Абсолютно. У меня не было никаких проблем. И под конец жизни мне стало везти еще больше, чем раньше.

Андре Бретон называл вас самым умным человеком XX века. Что значит для вас ум?

Хотел бы я спросить об этом вас. Понятие «ум» – самое растяжимое из всех, какие только можно себе представить. Существует логический, картезианский вариант ума – разум, но Бретон, мне кажется, имел в виду другое. Он рассуждал как сюрреалист и подходил к этому вопросу более свободно: для него ум был, в некотором роде, способностью понимать то, что для обычного человека непостижимо или малопонятно. В значении некоторых слов, можно сказать, заложена взрывчатка: они говорят о чем-то куда большем, чем сказано в их словарном толковании.
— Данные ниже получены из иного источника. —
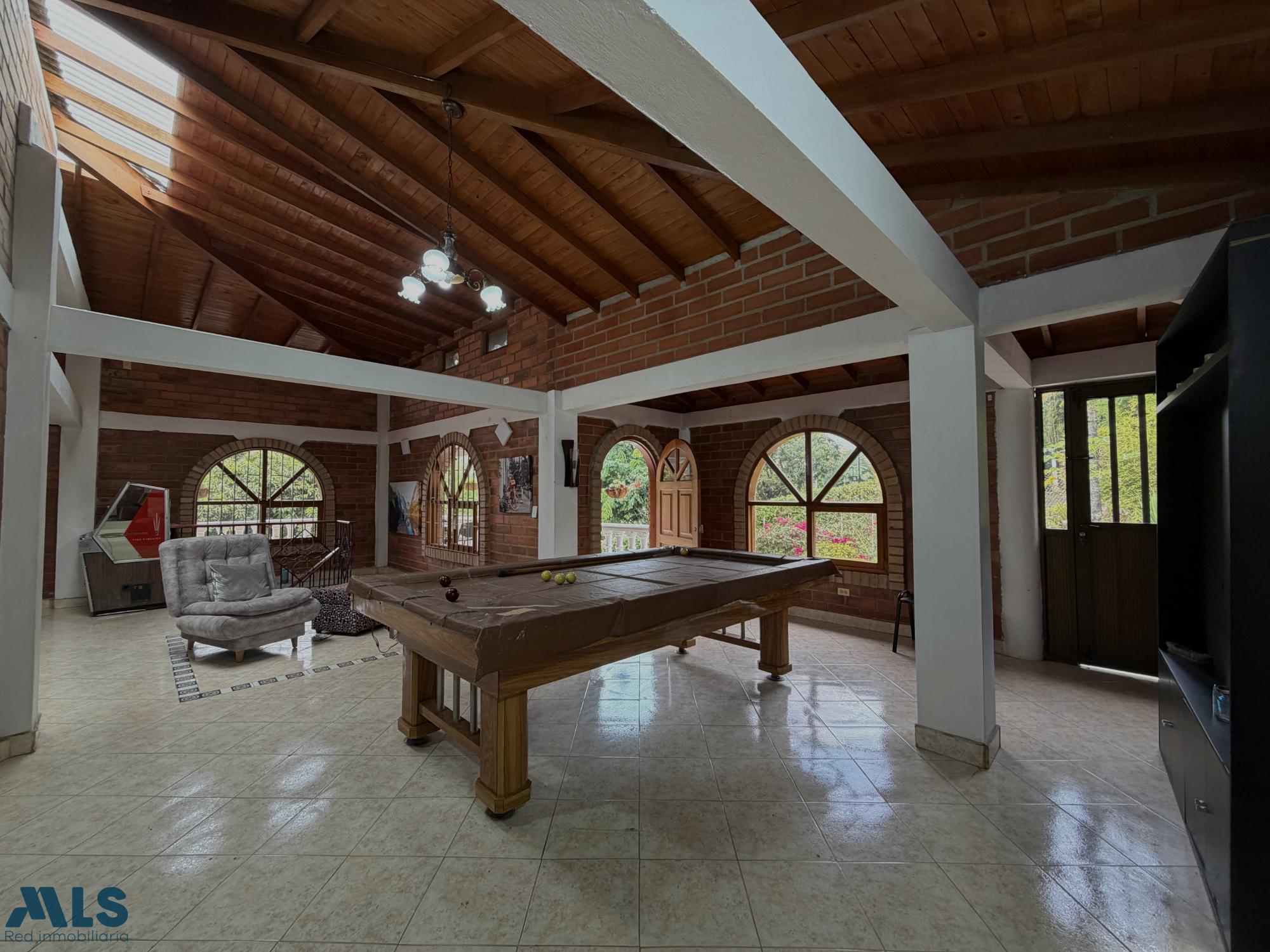 This comfortable property located in Copacabana, 12 minutes from the Niquia metro station and less than 1 kilometer from the highway, offers a tranquil retreat surrounded by nature, perfect for disconnecting from daily life... just 30 minutes from Medellín. It features a 212m² two-story house with spacious rooms and hallways. The first floor includes a living/dining room, kitchen, laundry area, two bathrooms, and two bedrooms. The second floor offers a large living room with a pool table, two bathrooms, and two bedrooms. Additionally, there is a separate 18m² cabin with one bedroom, one bathroom, and a kitchen. The property also includes a septic tank, two gates, ample parking, a stone fountain, fruit trees, beautiful landscaping, and a swimming pool. Utilities include community water, electricity, and gas (EPM). Don't miss this opportunity! Contact us to schedule a visit!
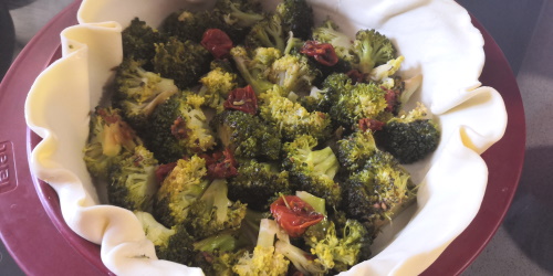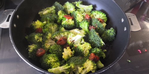 - Ajouter dessus les bouquets de brocolis puis les tomates confites
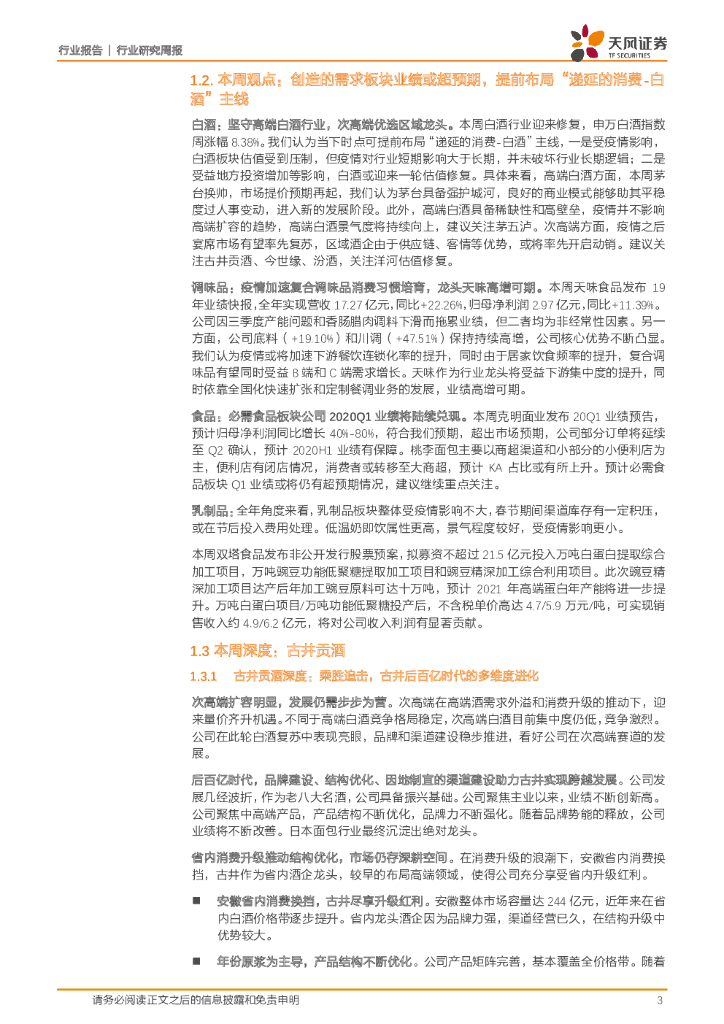 天风证券:食品饮料行业研究周报:创造的需求板块业绩或超预期,提前布局“递延的消费-白酒”主线.pdf
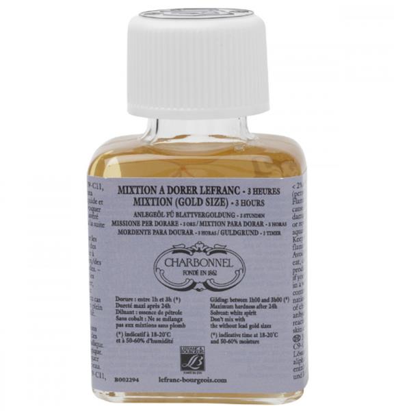 Origineel Lefranc & Bourgeois kleefmiddel voor het aanbrengen van bladgoud of bladzilver. Droogt snel aan, maar behoudt lange tijd kleefkracht waardoor het bladgoud vastgehouden wordt. Verbruik circa 125 ml per m². Droogtijd: 3 uur.
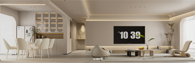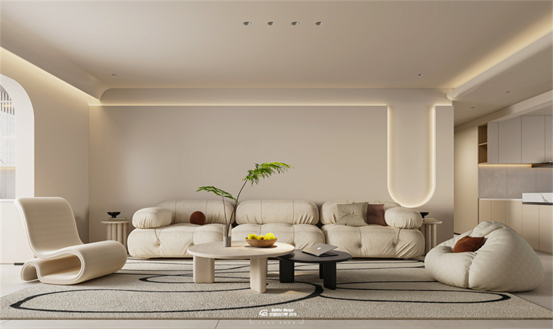 客廳沙發消失術,沙發的顏色與背景融為一體,使整個空間更加地輕盈與放松。用曲線將軟糯的溫柔質感盡情揮灑,展示著優雅且恬靜的魅力。
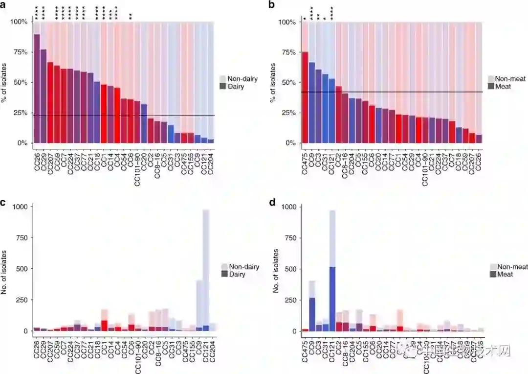 5、研究者进行了全基因组关联研究(GWAS),借以鉴别与乳源或肉源相关的基因,从而鉴别出可能参与宿主定殖或适应食物生产环境的基因。结果表明Lm需要获得新的辅助基因来适应另一种环境。

Бретон был человеком той же породы, что и я, у нас было до некоторой степени общее мировоззрение, поэтому, мне кажется, я понимаю, что значил для него расширенный, выходящий за обычные границы, раздутый, если угодно, интеллект…

Можно ли в этом смысле сказать, что вы расширили, раздвинули, взорвали, исходя из вашего «ума», границы художественного творчества?

Может быть. Впрочем, я побаиваюсь слова «творчество». В социальном, обычном, смысле слова творчество – это нечто весьма достойное, однако я по большому счету не верю в творческую функцию художника. Художник – такой же человек, как и все остальные. Он занимается созданием каких-то вещей, но ведь и бизнесмен что-то создает, не так ли? А вот слово «искусство»[1], напротив, мне очень интересно. Как я слышал, оно происходит из санскрита и означает «делание». Все что-то делают, хотя только те, кто делает вещи, состоящие из красок на холсте и заключаемые в рамы, именуются художниками. Когда-то их называли словом, которое мне больше по душе: ремесленники. Мы все – ремесленники, в гражданской области, в военной или в художественной. Когда Рубенсу или кому-то еще нужна была синяя краска, он должен был запросить ее в количестве скольких-то граммов у своей гильдии, члены которой затем обсуждали вопрос, можно ли предоставить ему пятьдесят, шестьдесят граммов или больше.

Художники действительно были ремесленниками: именно так их называли в контрактах. Слово «художник» появилось тогда, когда живописец приобрел значительный вес сначала в монархическом обществе, а затем и в нынешнем, где он почитается важной персоной. Он не делает вещи для кого-то: этот кто-то может лишь выбрать какую-то вещь из того, что он сделал. А художник, в свою очередь, куда меньше связан обязательствами, чем прежде, во времена монархии.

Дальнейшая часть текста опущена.